Records drawn from a dataset:

Segment Open

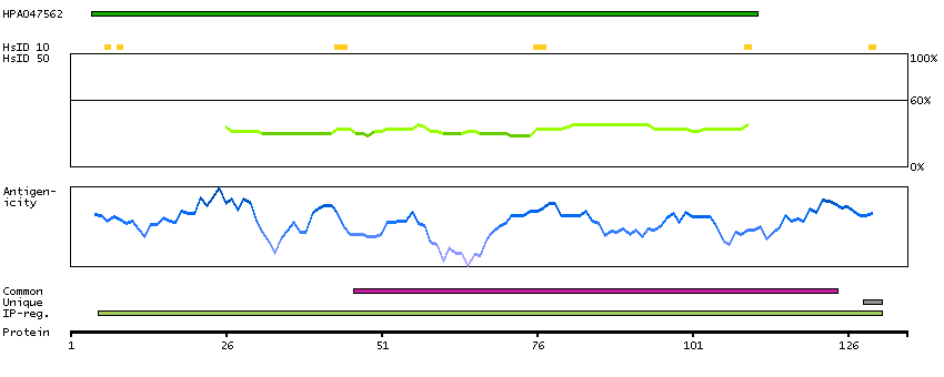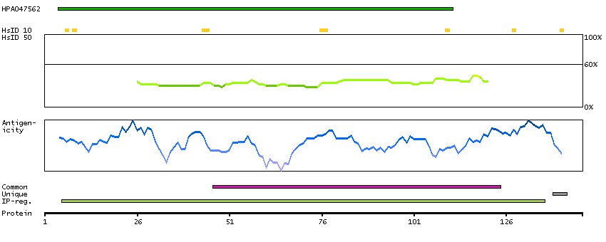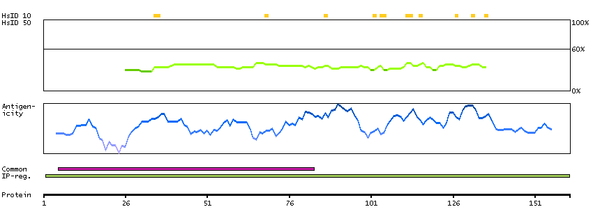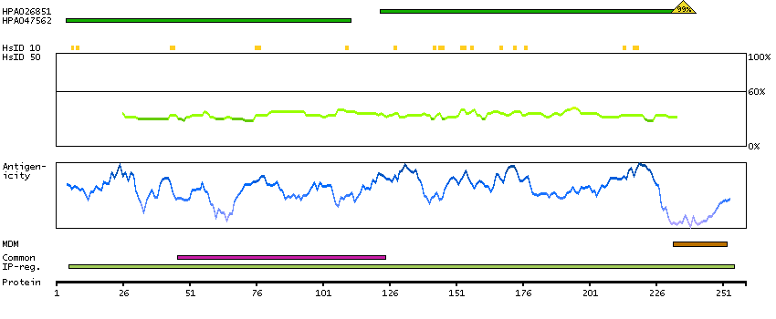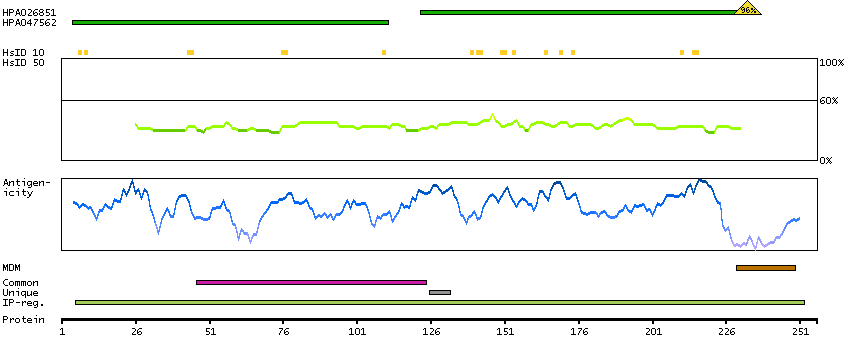Under the antigens, the maximum percent sequence identity of the protein to all other proteins from other human genes is displayed, using a sliding window of 10 aa residues (HsID 10) or 50 aa residues (HsID 50). The region with the lowest possible identity is always selected for antigen design, with a maximum identity of 60% allowed for designing a single-target antigen (read more).
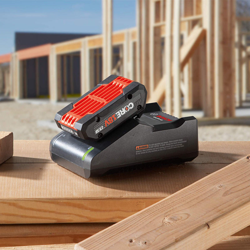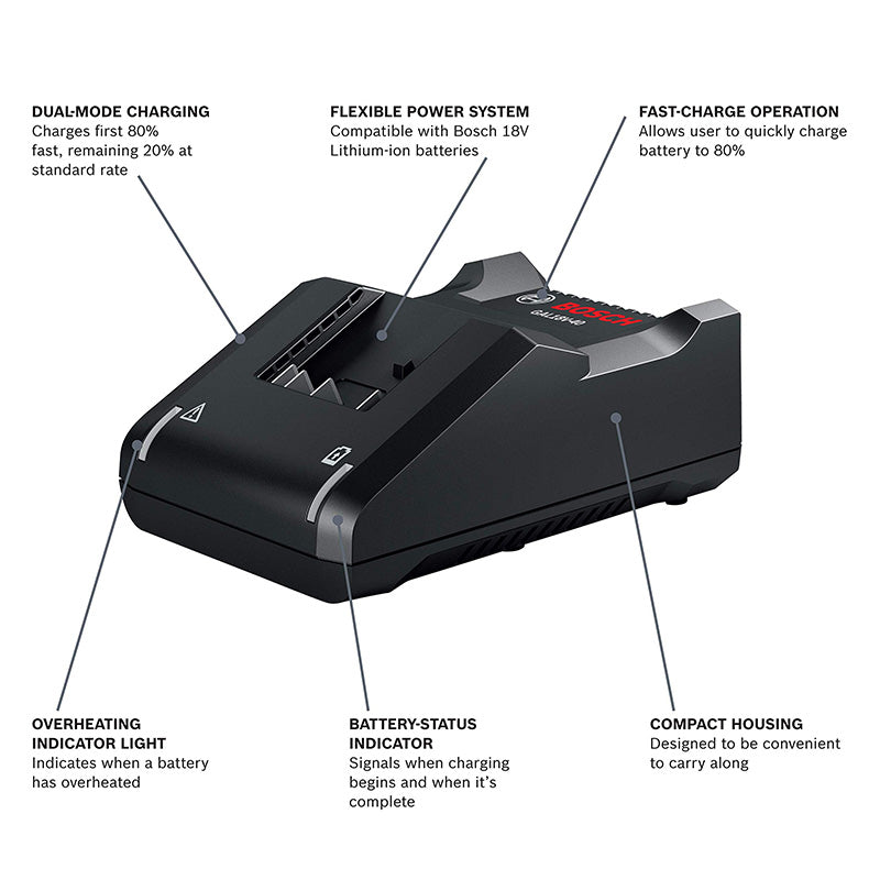 ▲Compact charger design – gets users power ready fast, with dual-mode charging, compatibility with all Bosch 18V li-ion batteries
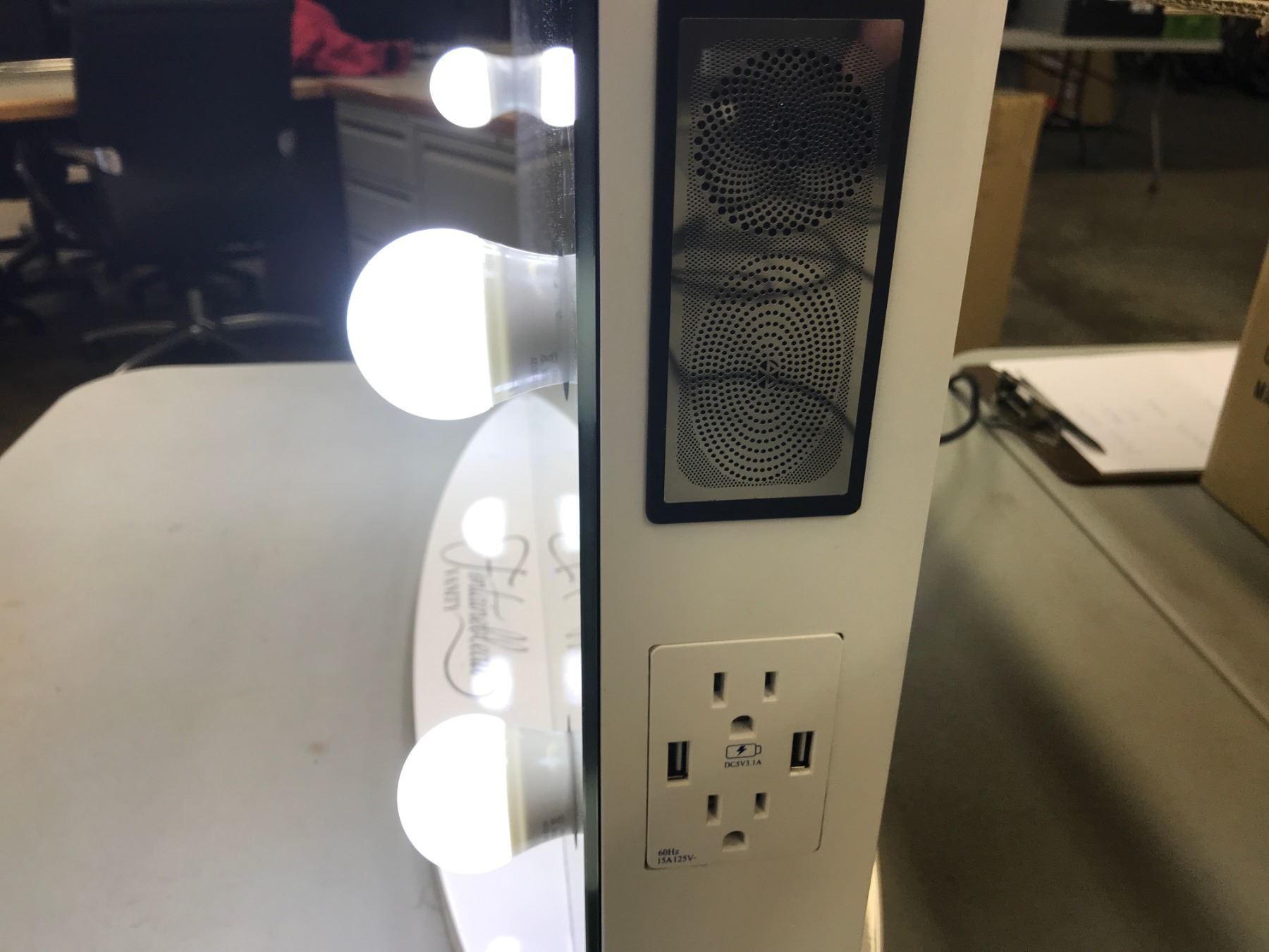 FONTAINEBLEAU "HOLLYWOOD" VANITY MIRROR WITH BLUETOOTH SPEAKERS, TOUCH CONTROLS, 8 DIMMABLE DAYLIGHT LED BULBS, 2 SIDE MOUNTED POWER OUTLETS, 2 USB OUTLETS, REMOVABLE BASE AND WALL MOUNTING POINTS ON REAR, 22" WIDE X 17" TALL X 3" DEEP (WITHOUT STAND), SEAMLESS FRAME AND WHITE BASE
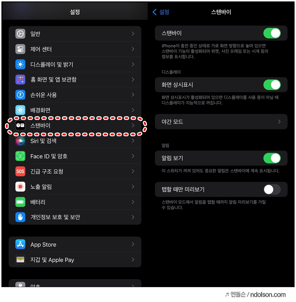 iOS17 베타로 업데이트하고 나면, 설정 > 일반 > 스탠바이(StandBy) 가 생깁니다. 야간모드일 때 켜지고, 아이폰을 항상 충전할 때 켜지게 할 건지 등의 설정을 할 수 있습니다.
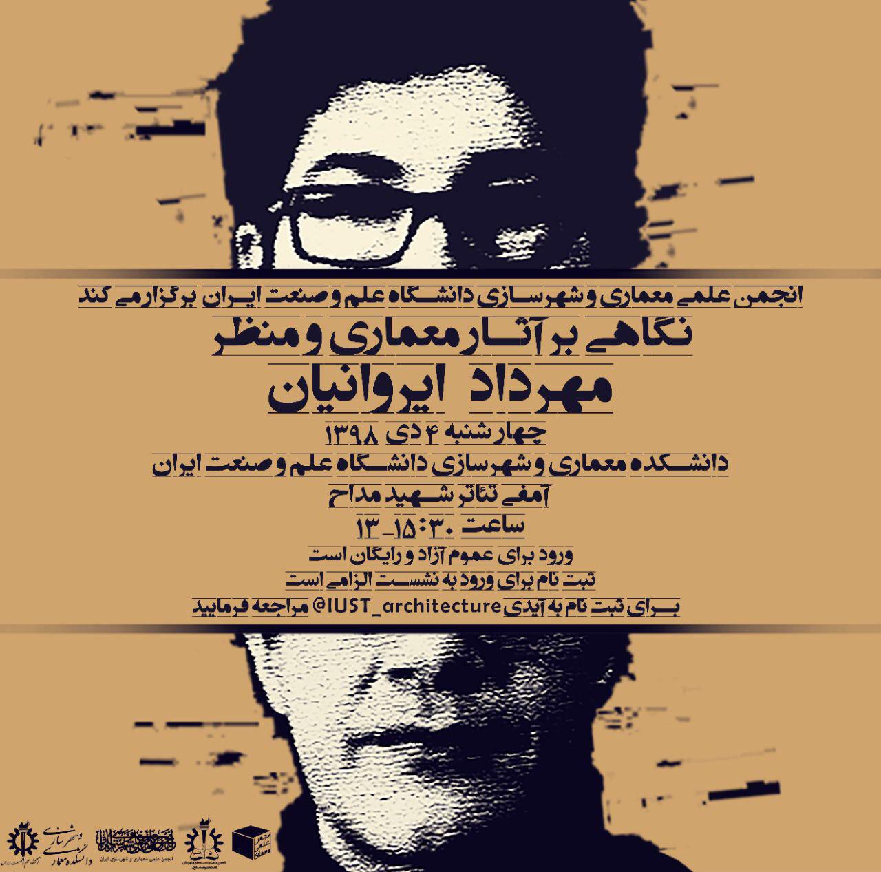 انجمن علمى معمارى دانشگاه علم و صنعت نشست "نگاهى بر آثار معمارى و منظر مهرداد ايروانيان" را چهارشنبه ٤ دى ماه ٩٨ برگزار مي کند.
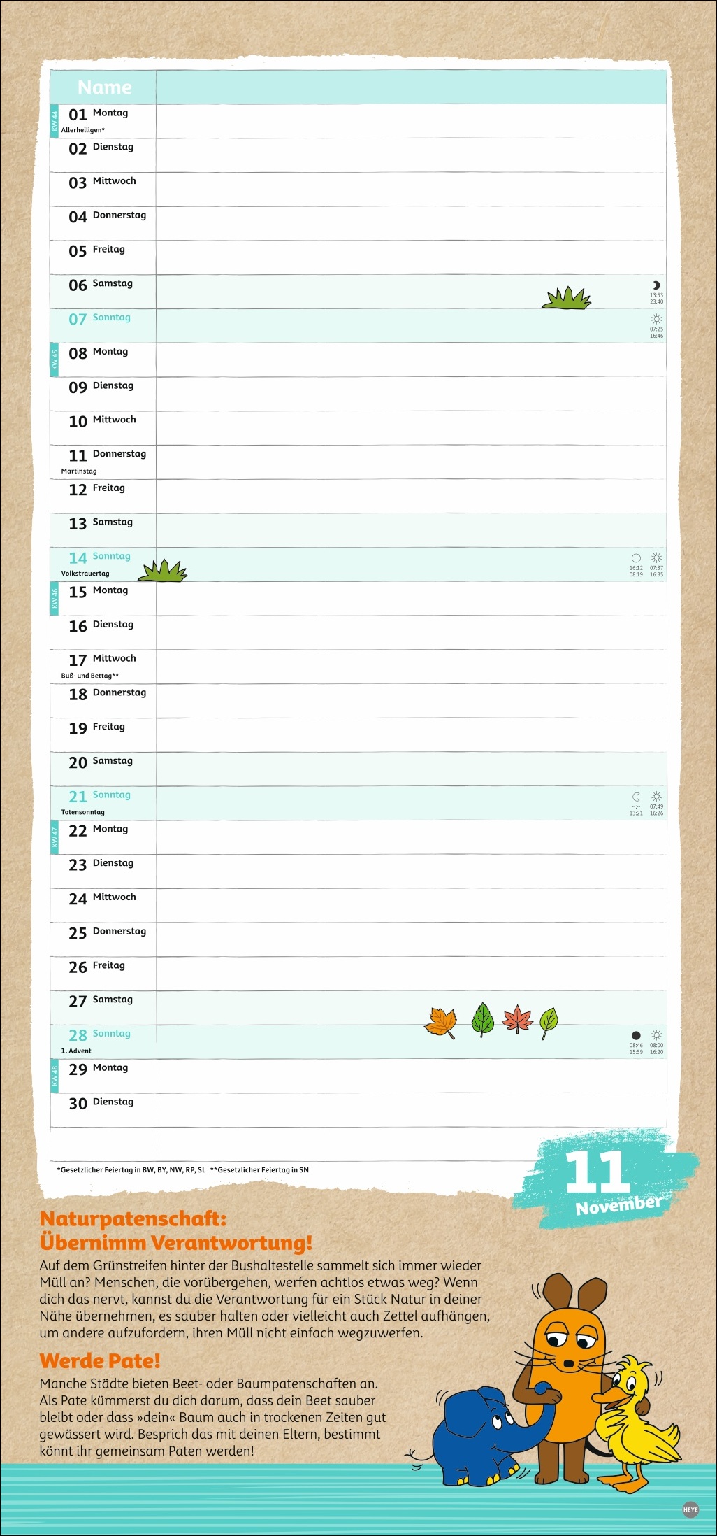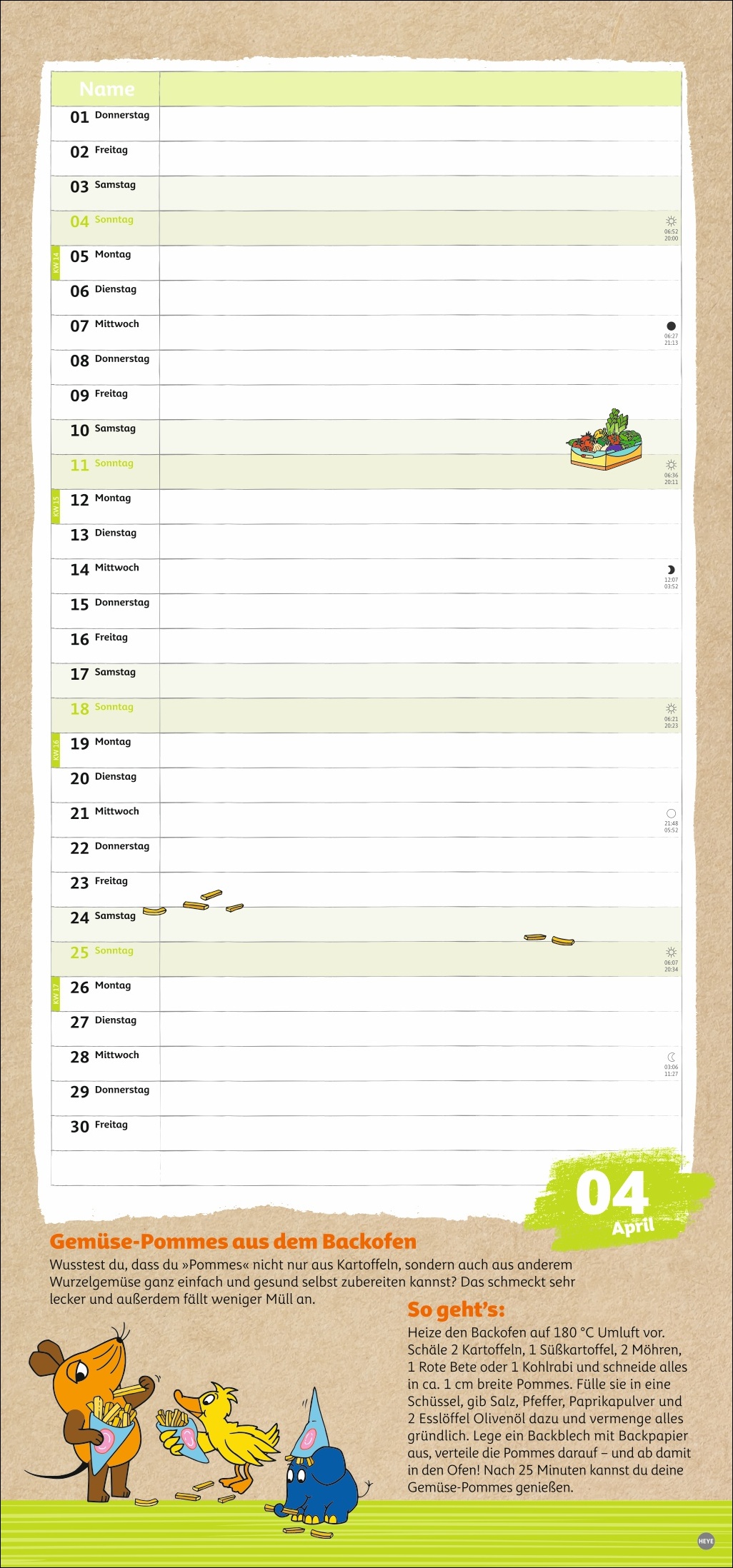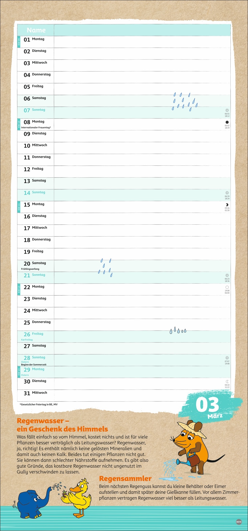 • Die Maus jetzt auch im Familienplaner: Umweltbildung und Organisationshilfe in einem

Segment Closed

## Work task:
Without the pictures, retype all of the data above exactly.

## Exercise result:
Under the antigens, the maximum percent sequence identity of the protein to all other proteins from other human genes is displayed, using a sliding window of 10 aa residues (HsID 10) or 50 aa residues (HsID 50). The region with the lowest possible identity is always selected for antigen design, with a maximum identity of 60% allowed for designing a single-target antigen (read more).
 ▲Compact charger design – gets users power ready fast, with dual-mode charging, compatibility with all Bosch 18V li-ion batteries
 FONTAINEBLEAU "HOLLYWOOD" VANITY MIRROR WITH BLUETOOTH SPEAKERS, TOUCH CONTROLS, 8 DIMMABLE DAYLIGHT LED BULBS, 2 SIDE MOUNTED POWER OUTLETS, 2 USB OUTLETS, REMOVABLE BASE AND WALL MOUNTING POINTS ON REAR, 22" WIDE X 17" TALL X 3" DEEP (WITHOUT STAND), SEAMLESS FRAME AND WHITE BASE
 iOS17 베타로 업데이트하고 나면, 설정 > 일반 > 스탠바이(StandBy) 가 생깁니다. 야간모드일 때 켜지고, 아이폰을 항상 충전할 때 켜지게 할 건지 등의 설정을 할 수 있습니다.
 انجمن علمى معمارى دانشگاه علم و صنعت نشست "نگاهى بر آثار معمارى و منظر مهرداد ايروانيان" را چهارشنبه ٤ دى ماه ٩٨ برگزار مي کند.
 • Die Maus jetzt auch im Familienplaner: Umweltbildung und Organisationshilfe in einem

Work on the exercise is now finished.